Acquaviva demeura un moment songeur, admirant peut-être la force d’âme de cet homme qui avait su résister à la fascination de l’or.

– Aujourd’hui, reprit-il, les choses sont bien changées. Tôt ou tard – et s’il tarde trop, je l’aiderai – Pardaillan apprendra que ce Jehan le Brave est son fils, le fils de Fausta. Le jeune homme mène une existence qui ne pourra pas ne pas choquer les sentiments chevaleresques de son père qui, d’ailleurs, ne me paraît pas avoir la fibre paternelle développée à l’excès. Qu’il le reconnaisse, lui ouvre ses bras, ou se détourne de lui, peu m’importe. Ce qui importe, c’est que, fût-il mille fois plus indigne, le jour où Pardaillan saura que Jehan le Brave, truand et brave, est le fils de Fausta, Pardaillan se croira obligé de le conduire au trésor et de lui dire: «Prends! Ceci est à toi, qui t’est donné par ta mère.» Quitte à lui tourner le dos après.
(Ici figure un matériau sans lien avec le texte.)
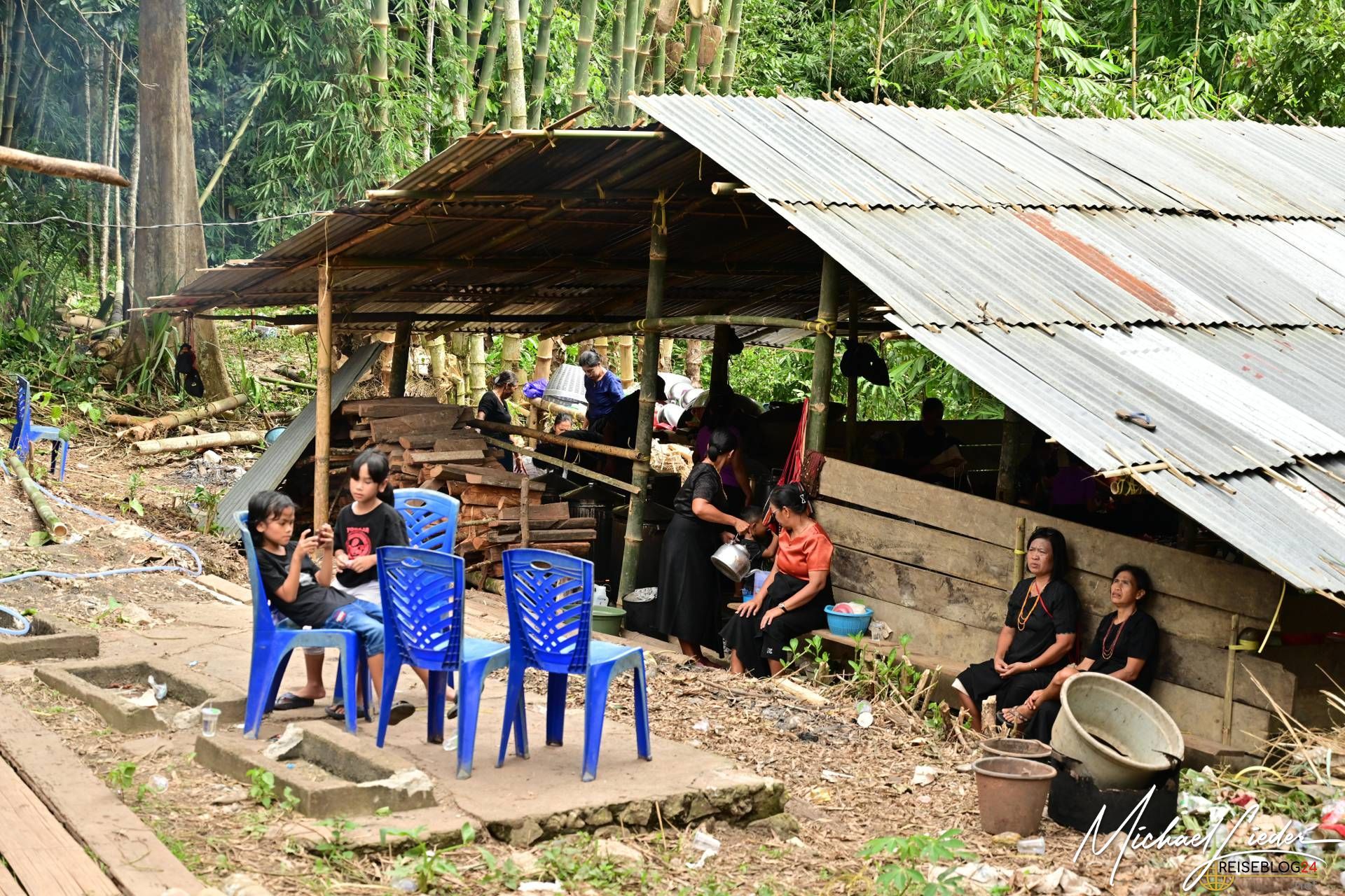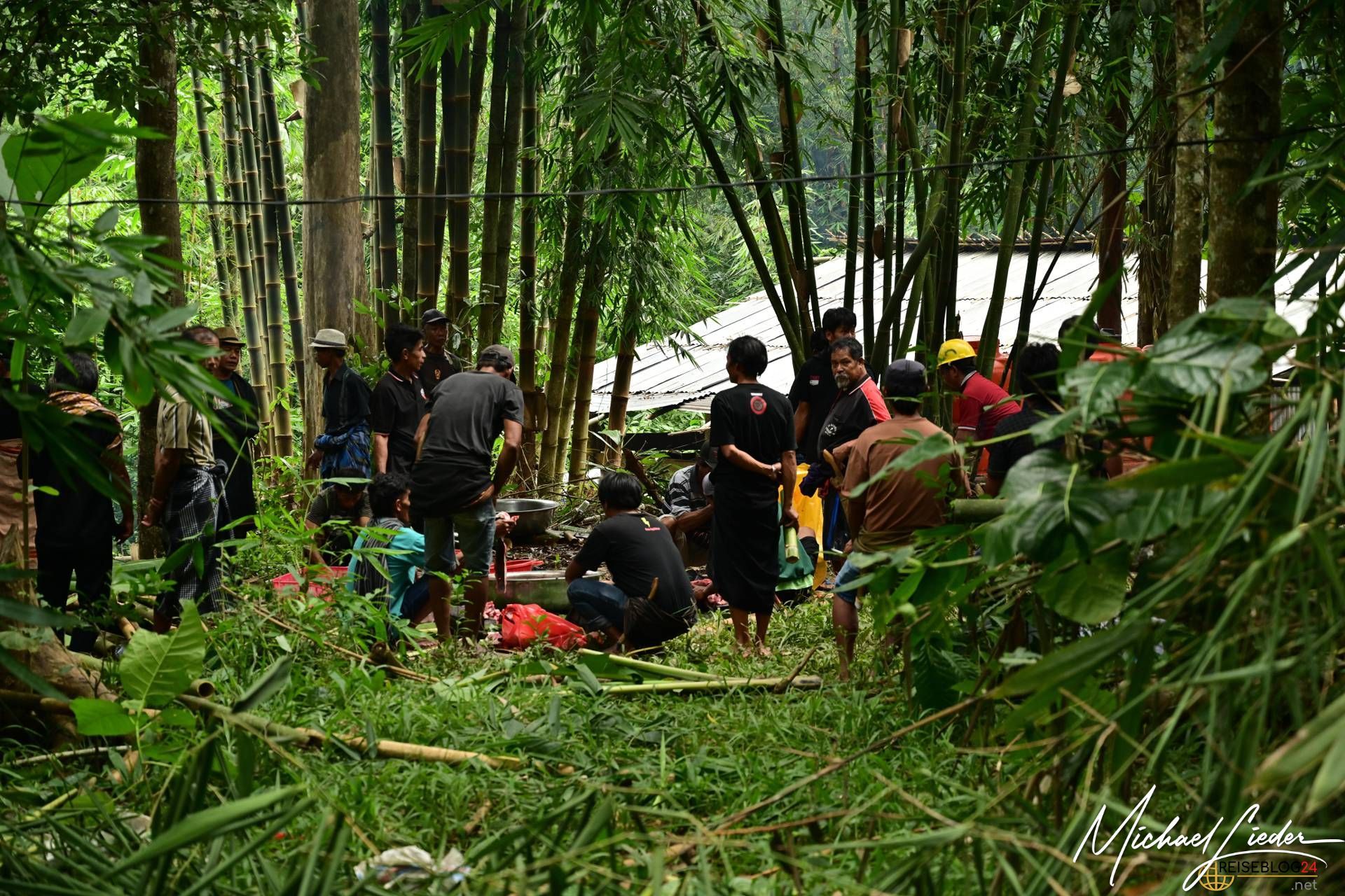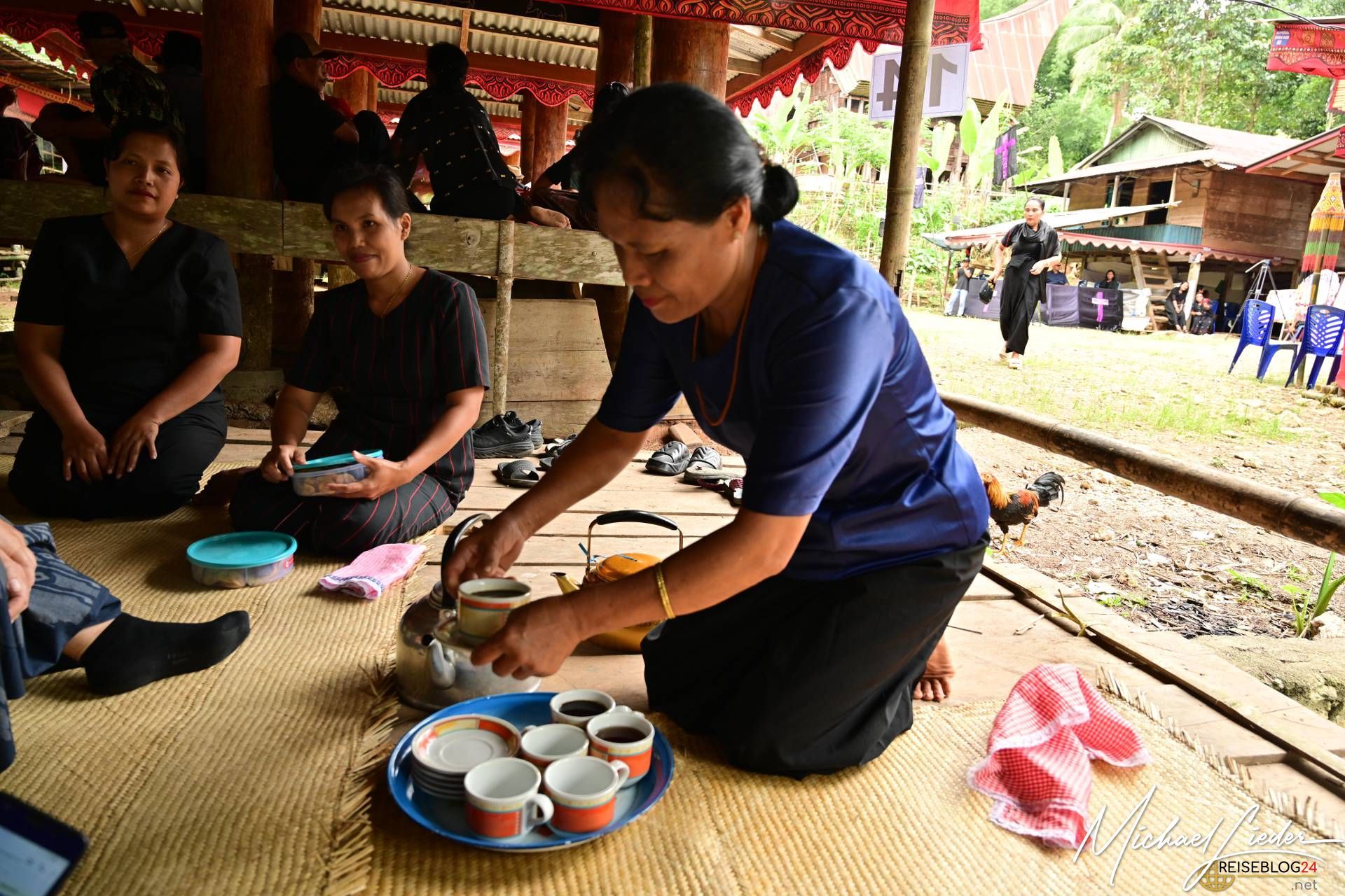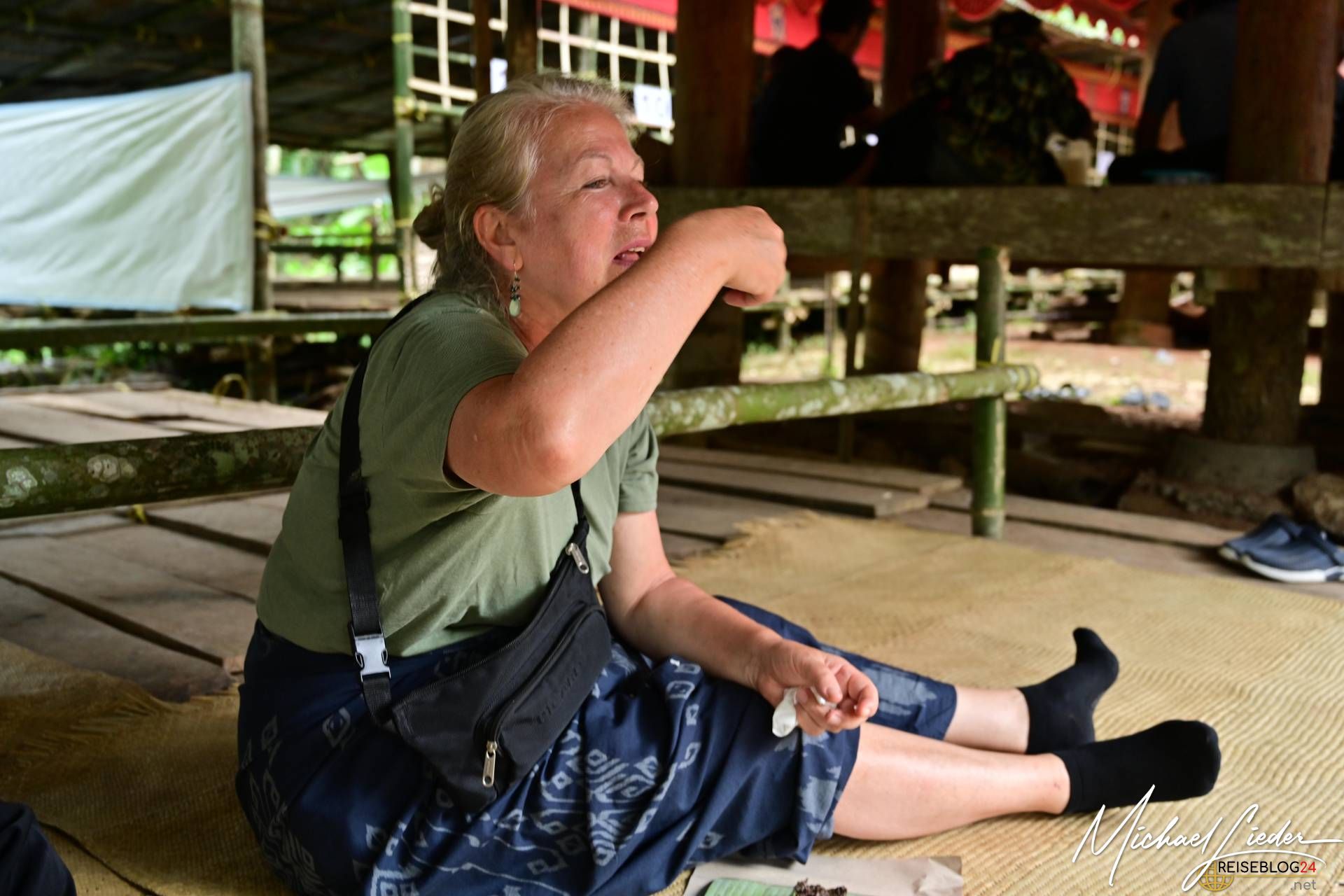 Doch trotz der Tragik des Abschieds ist die Atmosphäre keineswegs nur von Trauer geprägt. Die Familie, Freunde und die gesamte Gemeinschaft kommen zusammen, um Erinnerungen zu teilen, gemeinsam zu essen, zu singen und das Leben des Verstorbenen zu feiern. Auch wir durften an einer solchen Zeremonie teilnehmen und wurden mit offenen Armen empfangen. Wir probierten das traditionelle Totenmahl: Schweinefleisch, eingelegt und mit Gewürzen und Kräutern in Bambusrohren gegart, serviert mit Reis und heißem Tee. Gegessen wurde, wie in der Region üblich, mit den Fingern. Als Zeichen des Respekts erhielten wir Sarongs, um uns in die Gemeinschaft einzufügen.

– Ce jour-là, ajouta Acquaviva avec force, nous serons là, nous!… Et avec cette douceur qui semblait être la dominante de sa physionomie:

– Allez vous reposer, mon fils, vous devez en avoir besoin. Allez. Cinq minutes plus tard, étendu sur l’étroite couchette de la cellule où il était revenu sans bruit, frère Parfait Goulard dormait de ce sommeil profond qui, dit-on, est l’apanage du juste.